Repulsive, nonmonotonic Casimir forces in a glide-symmetric geometry
Alejandro W. Rodriguez, John D. Joannopoulos, and Steven G. Johnson

TL;DR
This paper introduces a novel three-dimensional metallic structure with glide symmetry that exhibits a switchable Casimir force from attractive to repulsive at different distances, confirmed by exact numerical calculations.
Contribution
It presents the first exact numerical demonstration of a metallic geometry with a repulsive Casimir force using a glide-symmetric design, surpassing previous approximate methods.
Findings
The geometry exhibits repulsive Casimir forces at intermediate separations.
Exact numerical methods confirm the force behavior beyond approximations.
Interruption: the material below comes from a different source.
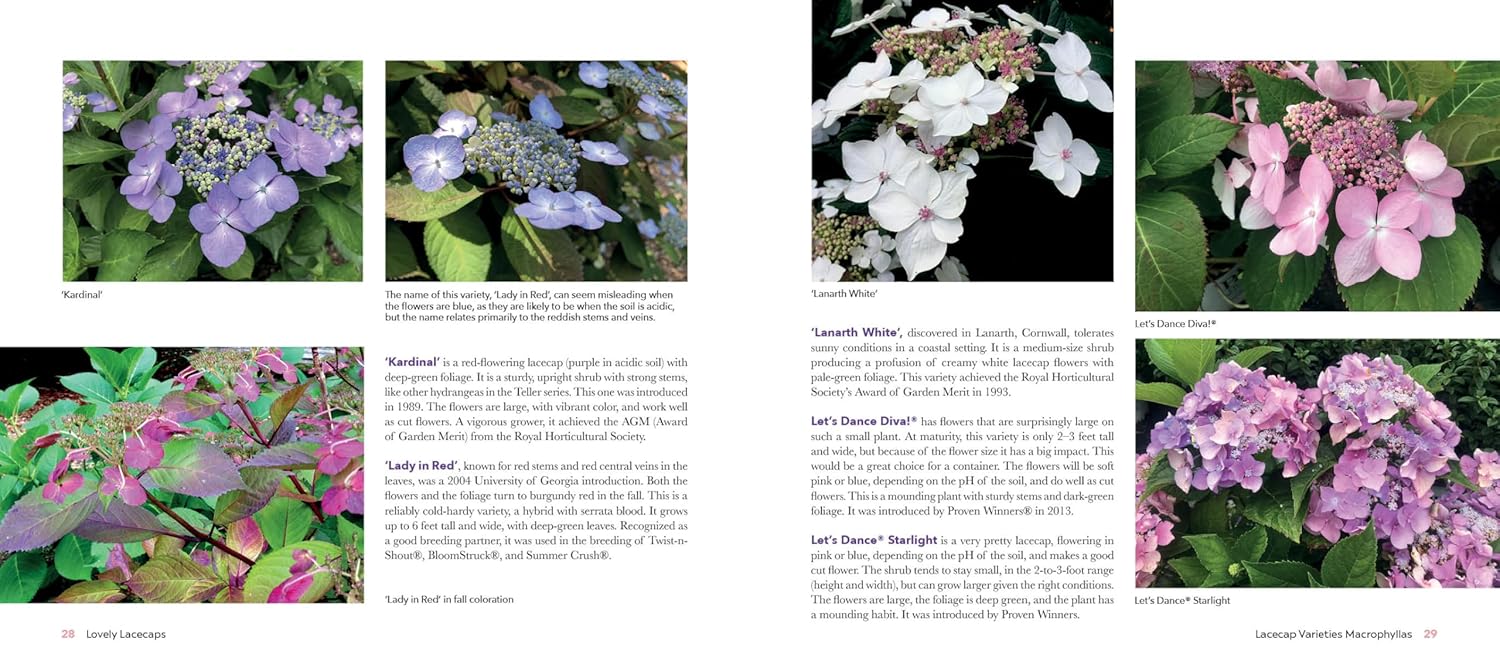 Helpful chapters are devoted to the latest information about: . lacecap varieties, . flower color, . plant size and plant selection tips, . life cycle and care, . landscaping to maximize the visual impact of lacecaps, . successfully planting and caring for lacecaps, and . bringing lacecaps indoors for use in both fresh and dried flower arrangement.

The structure has a stable equilibrium point in the perpendicular direction.
Abstract
We describe a three-dimensional geometry that exhibits a repulsive Casimir force using ordinary metallic materials, as computed via an exact numerical method (no uncontrolled approximations). The geometry consists of a zippelike, glide-symmetric structure formed of interleaved metal brackets attached to parallel plates. Depending on the separation, the perpendicular force between the plates/brackets varies from attractive (large separations) to repulsive (intermediate distances) and back to attractive (close separations), with one point of stable equilibrium in the perpendicular direction. This geometry was motivated by a simple intuition of attractive interactions between surfaces, and so we also consider how a rough proximity force approximation of pairwise attractions compares to the exact calculations.